Жанр: Зарубежные детективы, Зарубежная литература
сообщить о неприемлемом содержимом
Текущая страница: 1 (всего у книги 28 страниц) [доступный отрывок для чтения: 9 страниц]
Натан Барридж
Код каббалы
Посвящается Лаз и Лиане, двум звездочкам-близняшкам, указывающим мне жизненный путь, а также маме и папе, открывшим для меня чудеса, спрятанные меж страниц книг.
Пролог
1308 год, Йоркшир
В морозном воздухе собора серебрилась струйка пара, который, вместе со словами молитвы, исходил из уст брата Эдвина. Холод от каменных плит пробирал до костей, и кожа его покрылась пупырышками, как у ощипанного цыпленка. Обычно умиротворяющий ритм речитатива заставлял его забывать о невзгодах зимы и старости... Но не теперь.
Эдвин сбросил с головы серый капюшон и в неверном свете свечей устремил взор на соседний придел. На стенах висели гобелены, изображающие вручение Моисею десяти заповедей. Выцветшие от времени фигуры явственно напоминали Эдвину его самого.
На алтаре не было ни украшений, ни церковных ликов. Кипа свитков громоздилась на одном его конце, другой же занимали с полдюжины книг в кожаных переплетах, сложенных аккуратной стопкой. Поначалу возможность изучать манускрипты представлялась даром небес; они обещали раскрыть тайное древнее знание, которое манило и пленяло. Но время наложило на эти дары тяжелую длань ограничений, и пленительное обещание потускнело. На смену ему пришли тьма и разочарование.
Эдвин отвернулся от алтаря и, насколько мог, распрямил застывшую согбенную спину. Еще одну, последнюю, ношу осталось сбросить с усталых плеч – и придет отдохновение.
Собор тонул во мраке, свечи и жаровни с углями не могли разогнать сумрак. Безмолвие собора было абсолютным и почти осязаемым, как в склепе. Эдвин привык к спокойствию, но эта необычайная, мертвая тишина давила на него.

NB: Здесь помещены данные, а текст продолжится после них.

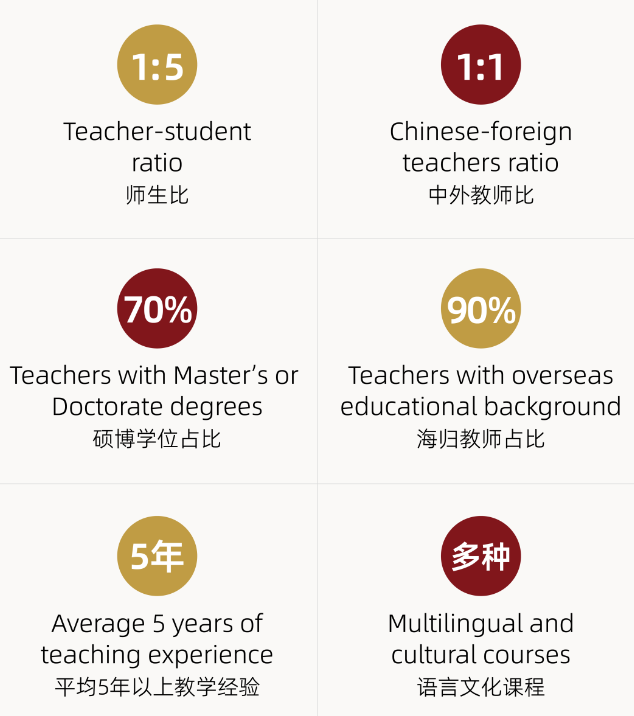 SIPC拥有一支高质量的师资团队,中外教师比例1:1,70%的教师拥有硕士及以上学位,平均5年以上教学经验,且教师背景多样化、视野全球化,可以帮助学生塑造创新思维和国际视野。

Высокий алтарь был единственным ярким пятном во всей громаде храма. Сотня свечей озаряла его мерцающую поверхность, их желтые огоньки отражались в позолоченном обрамлении.
Эдвин опустился перед алтарем на колени и не слишком внятно произнес короткую молитву. Его взор скользнул выше, к Древу жизни, сакральному мистическому символу его тайного ордена – ордена Просветляющего Восхода. Серебристые плети змеились между его ветвями, символизируя пути мудрости. Однако все его отчаянные изыскания не привели его ни к одному из этих путей. Осознание безуспешности поисков грохотало в ушах, словно топот копыт конского табуна.
Настал момент расплаты.
Эдвин преклонил колена перед алтарем и снова скрыл голову под капюшоном. Окончательно решившись, он поднялся и пошел к нефу.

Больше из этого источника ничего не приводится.